Solve the inequation for $x$

Question

Solve for $x$ :

$ (x-1)^{2005} x^{2006} (x+1)^{2007} \le 0 $

I tried cases like : $ x-1 \le 0 $ , $ x \le 0 $ , $ x+1 \le 0 $

Answer 1

Well, let's see if we can simplify your expression first:

$$ (x-1)^{2005} x^{2006} (x+1)^{2007} \le 0 $$ $$(x^2 - 1)^{2005}x^{2006}(x+1)^{2} \le 0$$

Think, first, what qualifies $x$ to be $\le 0$? If $x$ is $0$ or a negative number, correct?

Well, our expression can be $0$ if $x = -1, 1$

Thus, now lets look when our expression yields a negative number.

Therefore, look at the powers and see which ones could be negative:

$$(x^2 - 1)^{2005}x^{2006}(x+1)^{2} \le 0$$

We can see that $(x^2 - 1)^{2005}$ can only be negative, since the other $2$ terms have even powers, meaning they will only be positive.
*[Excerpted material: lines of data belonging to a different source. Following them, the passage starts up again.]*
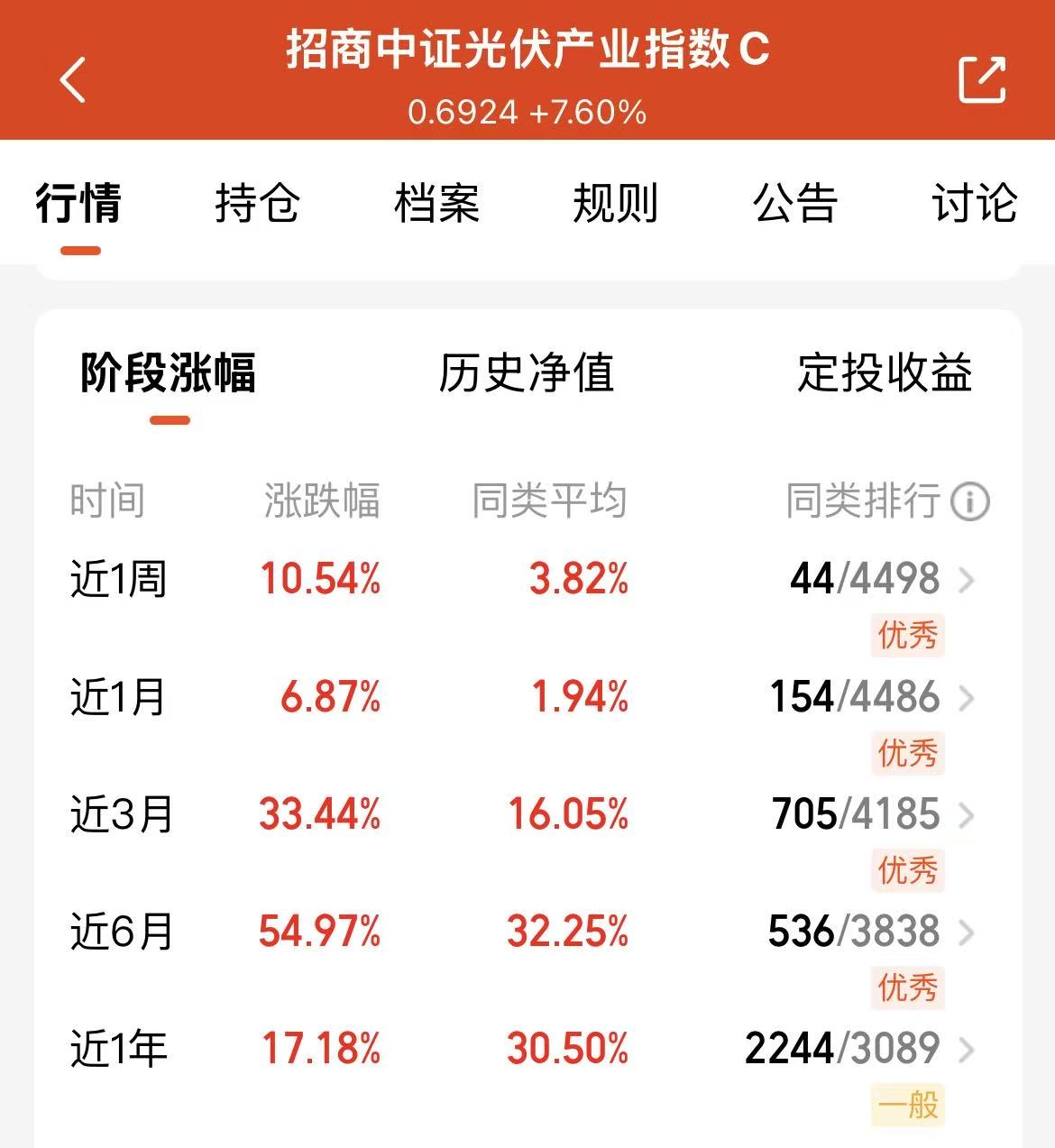 今天A股震荡调整,三大指数涨跌不一,医药、军工等都回调了,光伏赛道延续上涨了,$招商中证光伏产业指数C(OTCFUND|011967)$估值上涨1.2%,近三个月涨幅33.44%,近六个月涨幅54.97%,这是覆盖光伏全产业链的,持仓都是当下的热门方向,眼下政策上也利好多多,光伏板得配储能,前景是非常广阔的,我继续看好未来!
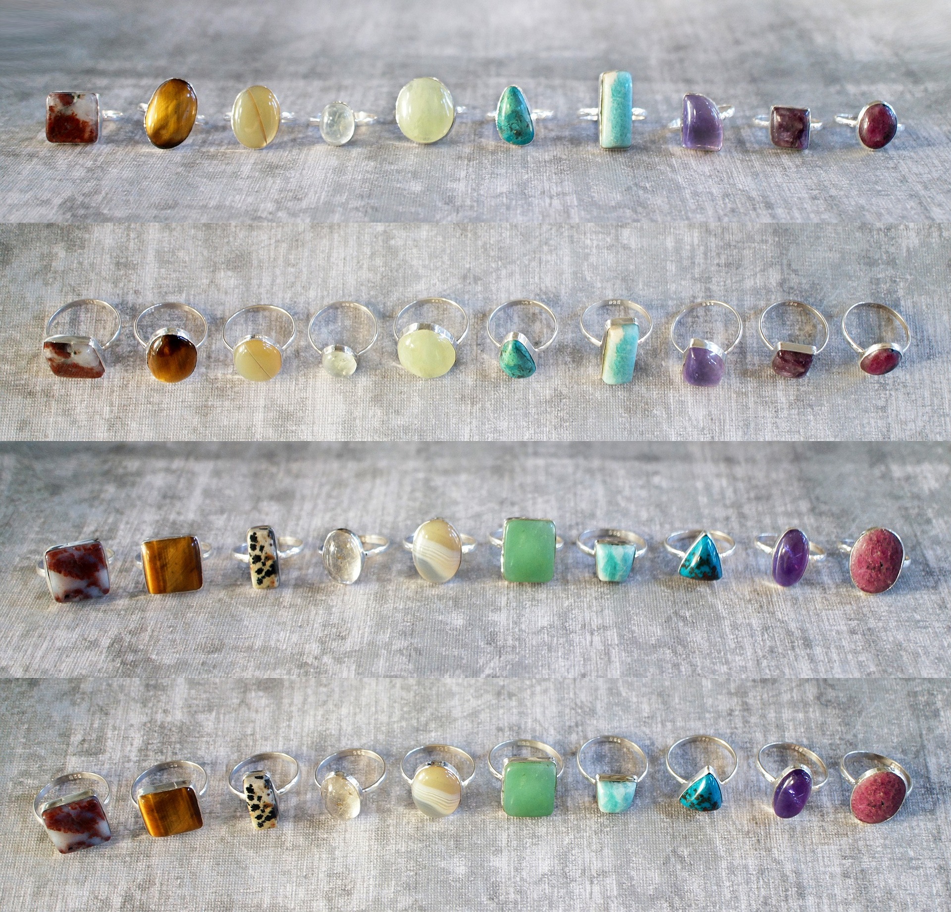 Each different colored gemstone will be set in a traditional bezel, with silver around it completely on all sides.
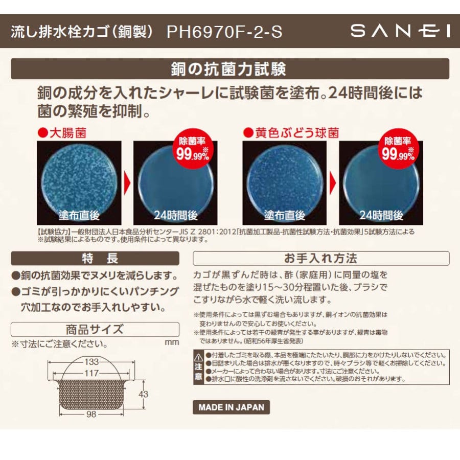 SANEI(サンエイ)流し排水栓カゴ 銅の抗菌効果 ヌメリ防止 PH6970F-2-S
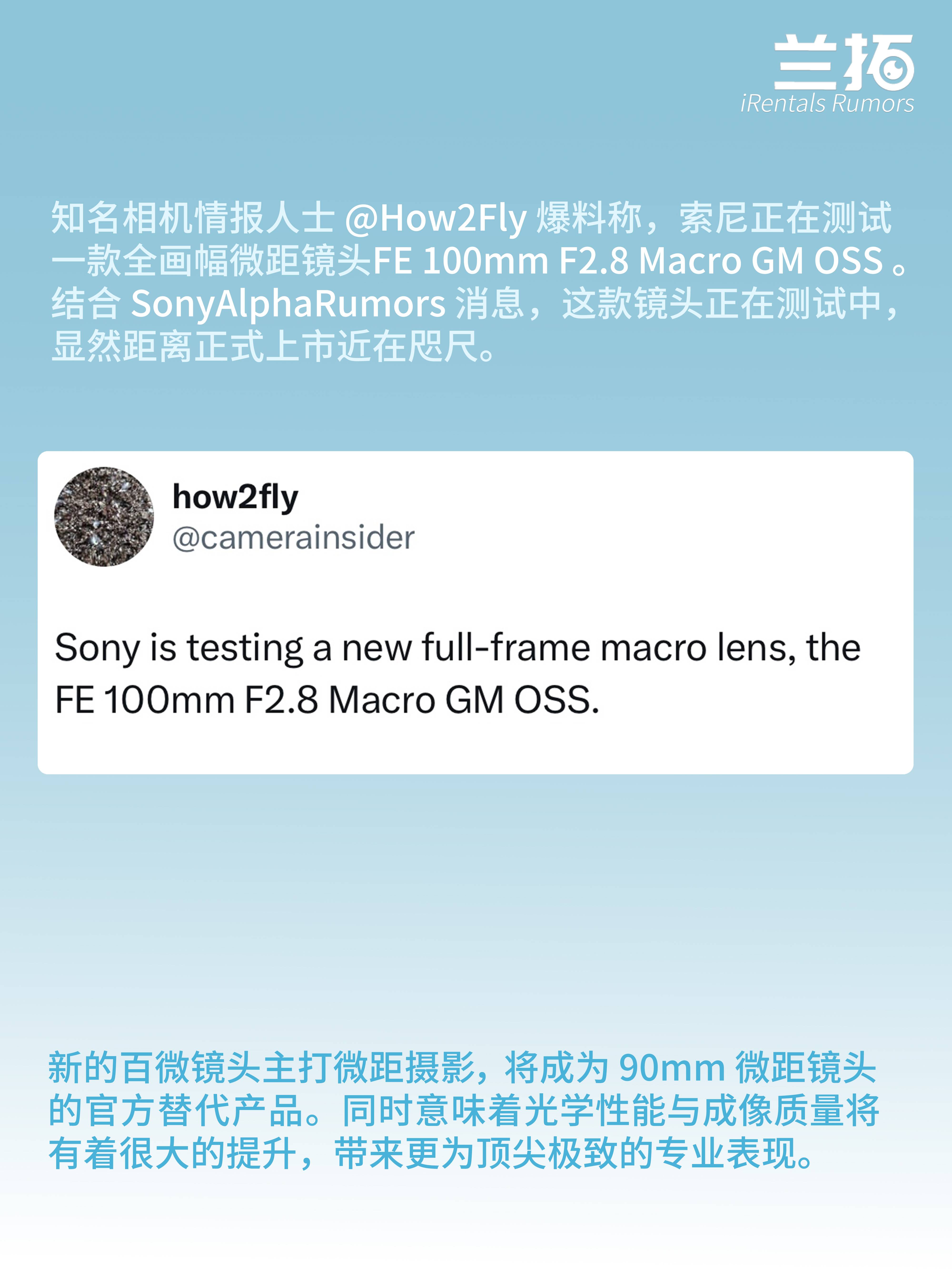 前几天,知名相机情报人士@How2Fly爆料称,索尼正在测试一款新品全画幅微距镜头FE 100mm F2.8 Macro GM OSS,取代近十年的老将FE 90mm F2.8 Macro。说实话,这支90微的画质放到现在依然能打。但毕竟是索尼早期的镜头,它的对焦速度和高像素需求,相比较现在的G大师镜头比起来,确实有一点跟不上时代。
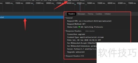 4、 切换至右侧Messages面板,可查看上下行的WebSocket数据包。
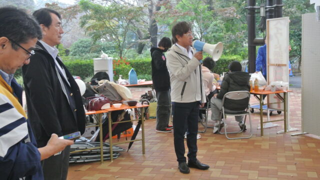 船橋市国際交流協会副会長で実行委員長の小田原隆泰さんが、雨天の中
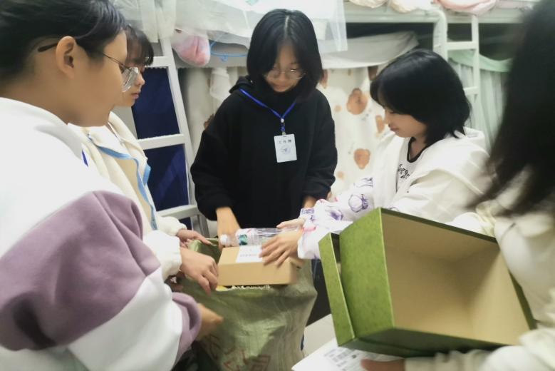 “好的,谢谢,祝您周末愉快”,每收获一些废品,大家都会礼貌地表达感谢之情。随着时间的推移,编织袋里装满了快递箱、矿泉水瓶等废品,同学们都乐于为节约资源,净化校园贡献自己的力量。
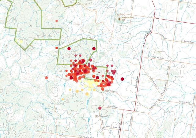 The fire covers a large area around MP Creek Road; a map of fire ‘hotspots’ hosted by the Queensland Government indicates that around 1,000 hectares of land are affected.
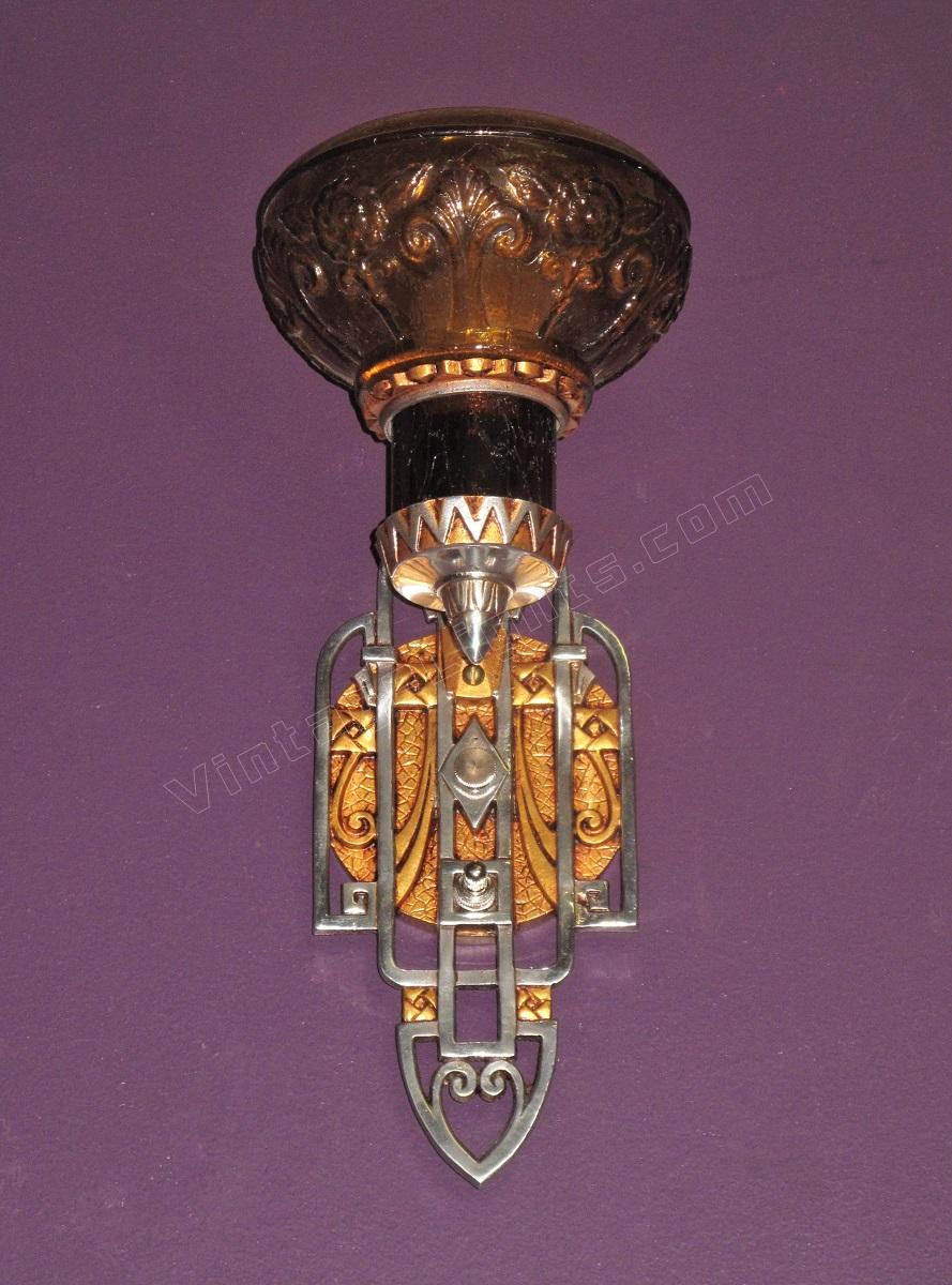 One of the more unique pair of sconces from the period when both Art Deco and Spanish Revival were popular design elements, most likely form the late 20s. Lots of deco inspired designs on the back plate and a Revival inspired glass shade and shade holder. The fixture is aluminum with repainted antique golden to match the original color and the silver areas are highly polished aluminum.
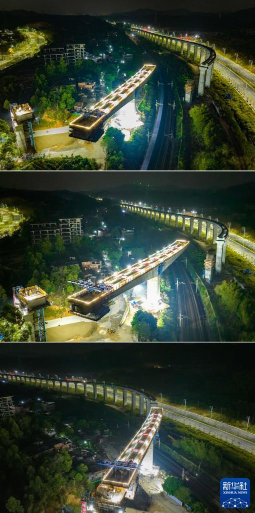 拼版照片:清遠磁浮旅游專(zhuān)線(xiàn)長(cháng)隆特大橋跨京廣鐵路連續梁轉體過(guò)程(11月8日攝,無(wú)人機照片)。
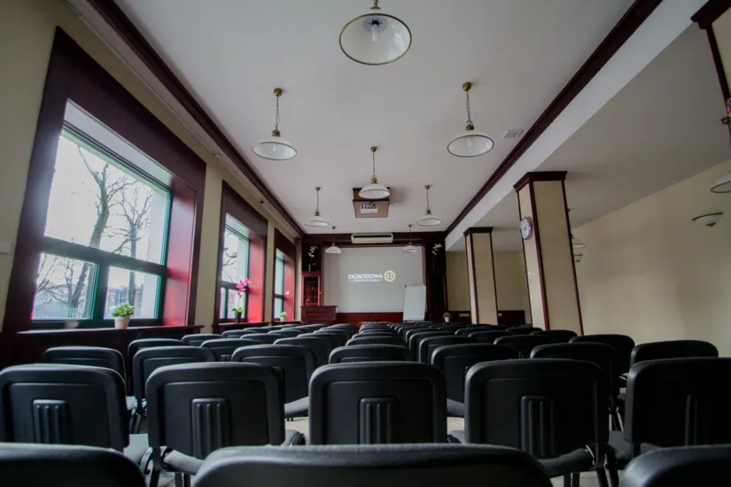 Sala Grand to największa sala dostępna na Ogrodowej 12. Jest ona konferencyjną wizytówką całego obiektu. W układzie teatralnym jest w stanie pomieścić ponad 90 gości. Jest to idealne miejsce na duże konferencje lub szkolenia.
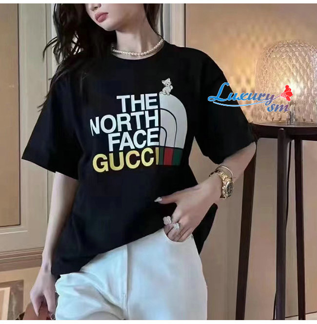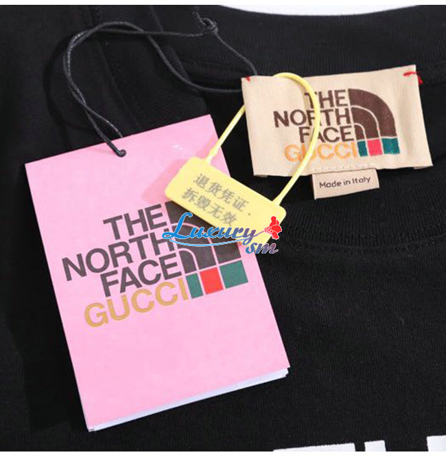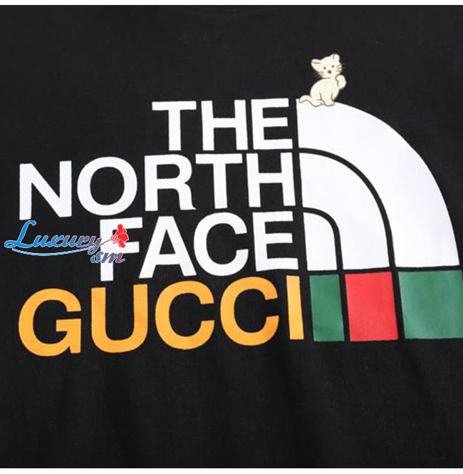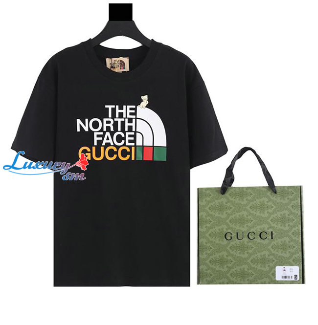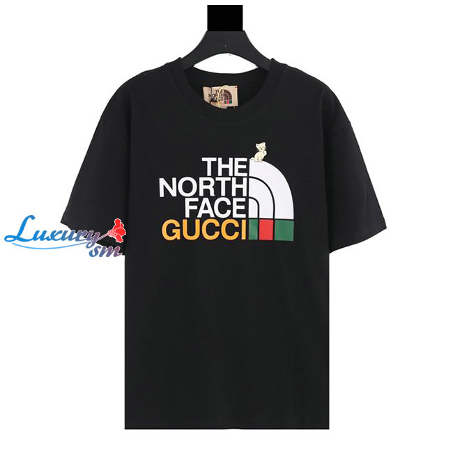 GUCC*-02228 구찌 블랙 구찌 X 노스페이스 콜라보 프린트 장식 티셔츠 남여공용
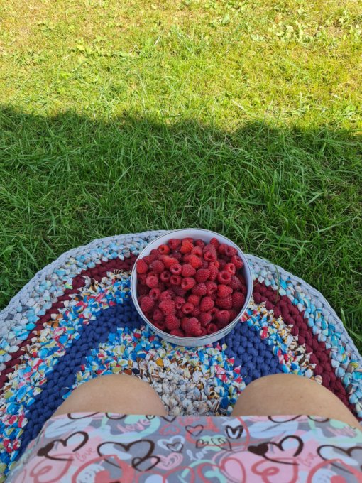 Съездила на дачу на пару часов, привезла последних огурцов, помидоров, картошки. Соседская внучка, моя поклонница Стеша, быстренько собрала и принесла мне угощение, мисочку поздней малины...Стеша грустит, скоро в школу... третий класс...
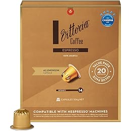 $69.58 (as of 02/04/2026 12:21 GMT +07:00 - More infoProduct prices and availability are accurate as of the date/time indicated and are subject to change. Any price and availability information displayed on [relevant Amazon Site(s), as applicable] at the time of purchase will apply to the purchase of this product.)Vittoria Coffee Espresso 100% Arabica Nespresso Compatible Aluminium Capsules. Best Served as an Espresso or Milk - 20 Pack Pods

Therefore, when is $(x^2 - 1)^{2005} \le 0$?

Well,

$$x^2 - 1 \le 0$$

$$x^2 \le 1$$

$$-1 \le x \le 1$$

And thus we arrive at our answer.

Answer 2

By the rule of signs, $$\DeclareMathOperator{\sgn}{sgn}\sgn{(x-1)^{2005}x^{2006}(x+1)^{2007}}=\sgn{(x-1)(x+1)}=\sgn(x^2-1), $$ hence the expression is $\;\le 0\;$ if and only if $\;-1\le x\le 1$.